■ **RECORDS SUPPLIED**:
╔══

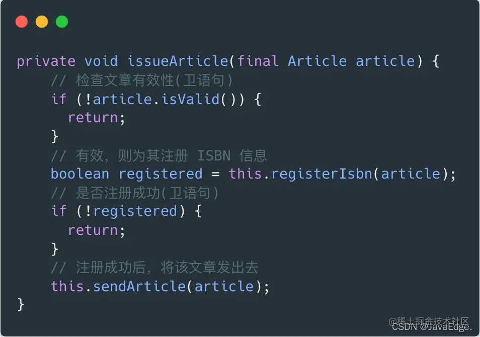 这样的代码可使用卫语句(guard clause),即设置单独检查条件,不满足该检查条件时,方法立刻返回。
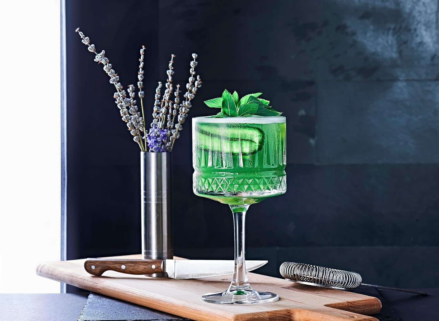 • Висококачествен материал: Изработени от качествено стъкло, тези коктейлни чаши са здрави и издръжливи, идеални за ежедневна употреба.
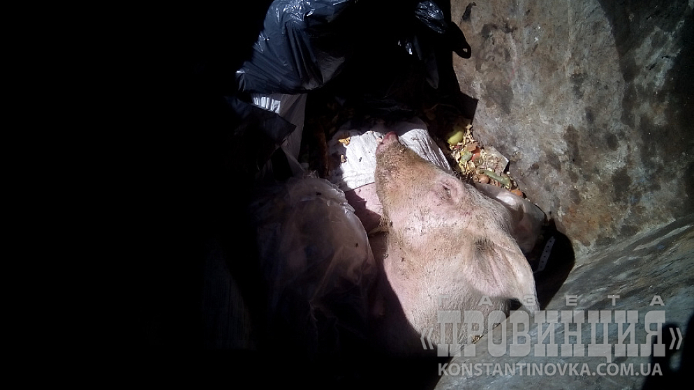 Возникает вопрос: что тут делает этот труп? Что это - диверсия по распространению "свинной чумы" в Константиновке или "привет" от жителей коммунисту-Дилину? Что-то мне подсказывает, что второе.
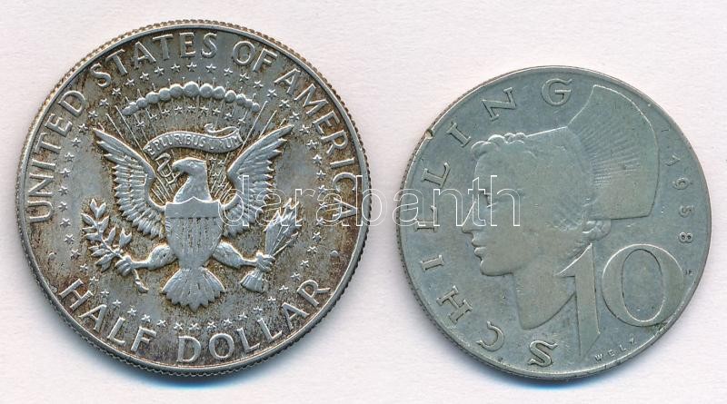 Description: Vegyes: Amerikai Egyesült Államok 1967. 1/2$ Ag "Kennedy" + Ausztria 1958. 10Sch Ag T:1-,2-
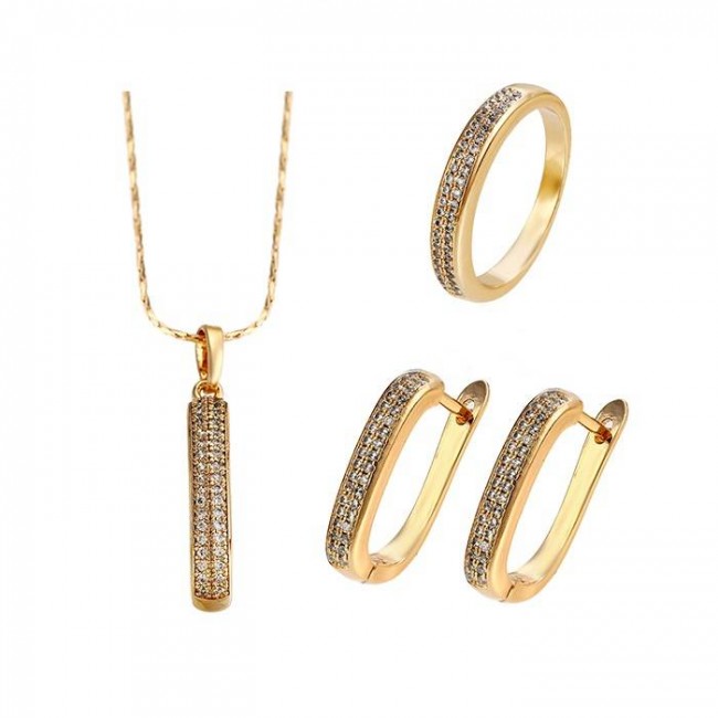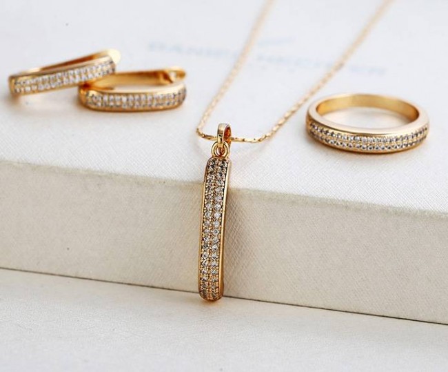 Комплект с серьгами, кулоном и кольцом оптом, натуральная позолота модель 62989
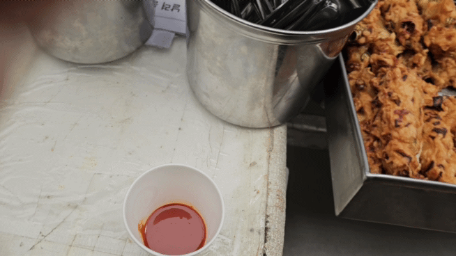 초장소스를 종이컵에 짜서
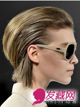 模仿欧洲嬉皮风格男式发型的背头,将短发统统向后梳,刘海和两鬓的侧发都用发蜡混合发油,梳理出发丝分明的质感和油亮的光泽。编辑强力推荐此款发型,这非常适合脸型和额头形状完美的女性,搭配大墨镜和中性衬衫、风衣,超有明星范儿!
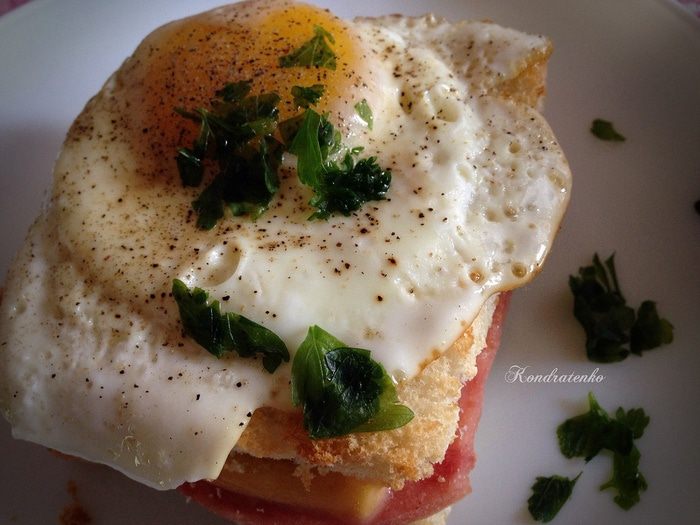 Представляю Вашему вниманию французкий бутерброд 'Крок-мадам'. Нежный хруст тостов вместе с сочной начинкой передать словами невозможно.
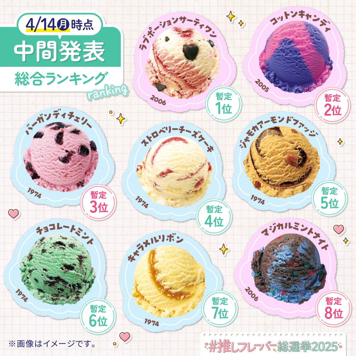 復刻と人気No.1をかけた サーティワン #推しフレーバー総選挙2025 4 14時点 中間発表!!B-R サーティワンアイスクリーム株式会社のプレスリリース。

╚══
╔══

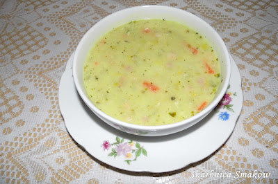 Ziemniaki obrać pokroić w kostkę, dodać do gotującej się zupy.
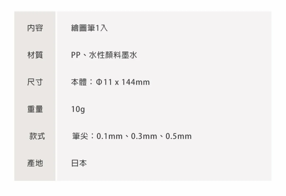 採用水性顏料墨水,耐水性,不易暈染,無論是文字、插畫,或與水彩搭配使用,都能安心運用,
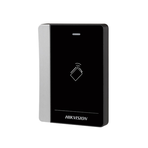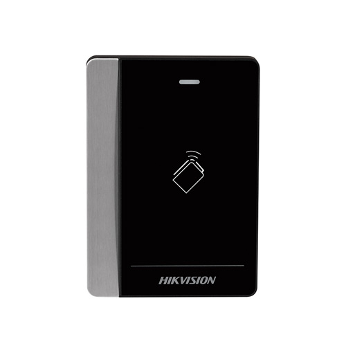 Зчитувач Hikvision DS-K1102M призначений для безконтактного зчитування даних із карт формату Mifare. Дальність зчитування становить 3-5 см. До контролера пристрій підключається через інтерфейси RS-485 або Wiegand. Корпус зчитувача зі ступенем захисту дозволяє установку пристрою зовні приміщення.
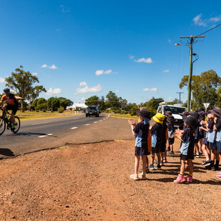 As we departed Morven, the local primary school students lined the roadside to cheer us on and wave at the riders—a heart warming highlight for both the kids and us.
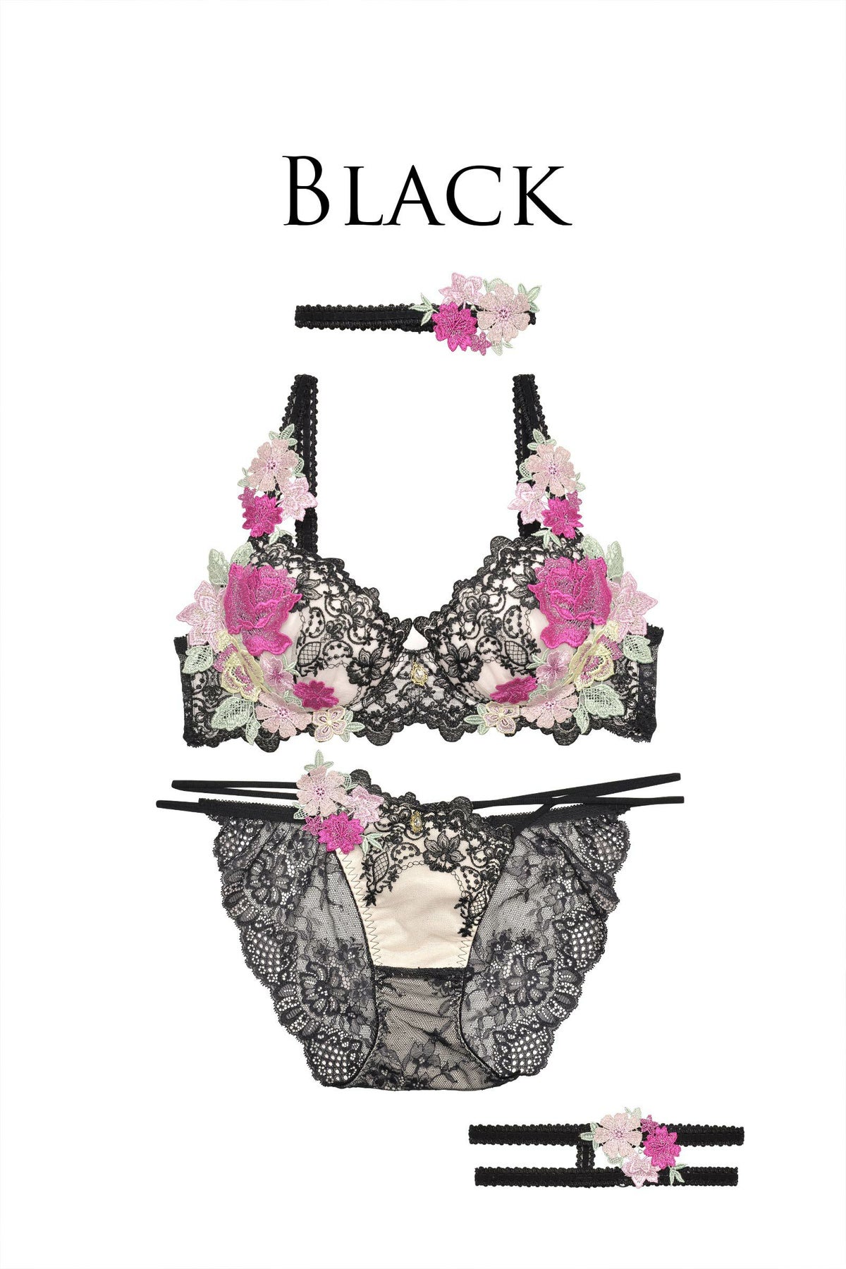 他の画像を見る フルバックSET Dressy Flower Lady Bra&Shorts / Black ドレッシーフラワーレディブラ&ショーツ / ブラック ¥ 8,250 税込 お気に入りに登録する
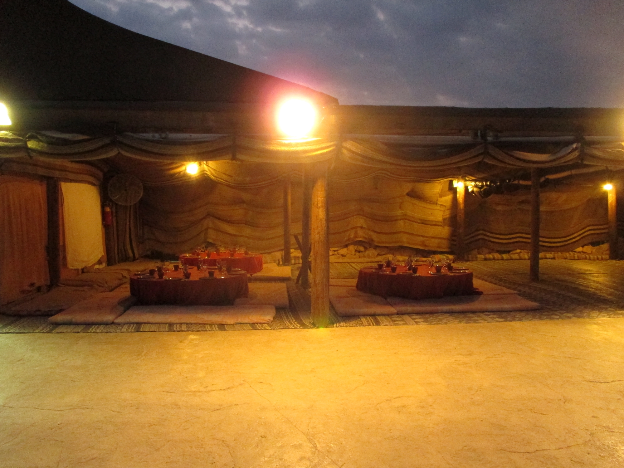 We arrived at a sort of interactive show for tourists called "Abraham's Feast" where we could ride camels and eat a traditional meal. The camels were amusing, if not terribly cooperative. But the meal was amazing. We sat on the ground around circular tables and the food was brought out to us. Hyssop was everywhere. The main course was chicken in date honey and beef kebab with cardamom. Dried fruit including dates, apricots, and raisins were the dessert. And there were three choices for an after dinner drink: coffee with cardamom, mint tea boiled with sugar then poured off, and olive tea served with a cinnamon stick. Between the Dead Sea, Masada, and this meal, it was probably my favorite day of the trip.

╚══
╔══

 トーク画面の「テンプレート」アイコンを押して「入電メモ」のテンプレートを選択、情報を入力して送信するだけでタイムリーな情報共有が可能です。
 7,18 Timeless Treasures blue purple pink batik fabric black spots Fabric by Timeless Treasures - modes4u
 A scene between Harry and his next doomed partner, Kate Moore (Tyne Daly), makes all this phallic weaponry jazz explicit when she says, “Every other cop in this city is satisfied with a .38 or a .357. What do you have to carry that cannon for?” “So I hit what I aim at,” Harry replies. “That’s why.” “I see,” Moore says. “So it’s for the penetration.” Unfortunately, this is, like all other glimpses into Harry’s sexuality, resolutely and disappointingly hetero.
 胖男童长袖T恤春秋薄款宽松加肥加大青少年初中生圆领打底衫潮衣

╚══

■ **WHAT TO DO**: Above, find the line with "这样的代码可使用卫语句(gu"; copy it and every line down to the line with "Возникает вопрос: что", exactly and both included, but no pictures.

■ **REPLY TO THE TASK**:
 这样的代码可使用卫语句(guard clause),即设置单独检查条件,不满足该检查条件时,方法立刻返回。
 • Висококачествен материал: Изработени от качествено стъкло, тези коктейлни чаши са здрави и издръжливи, идеални за ежедневна употреба.
 Возникает вопрос: что тут делает этот труп? Что это - диверсия по распространению "свинной чумы" в Константиновке или "привет" от жителей коммунисту-Дилину? Что-то мне подсказывает, что второе.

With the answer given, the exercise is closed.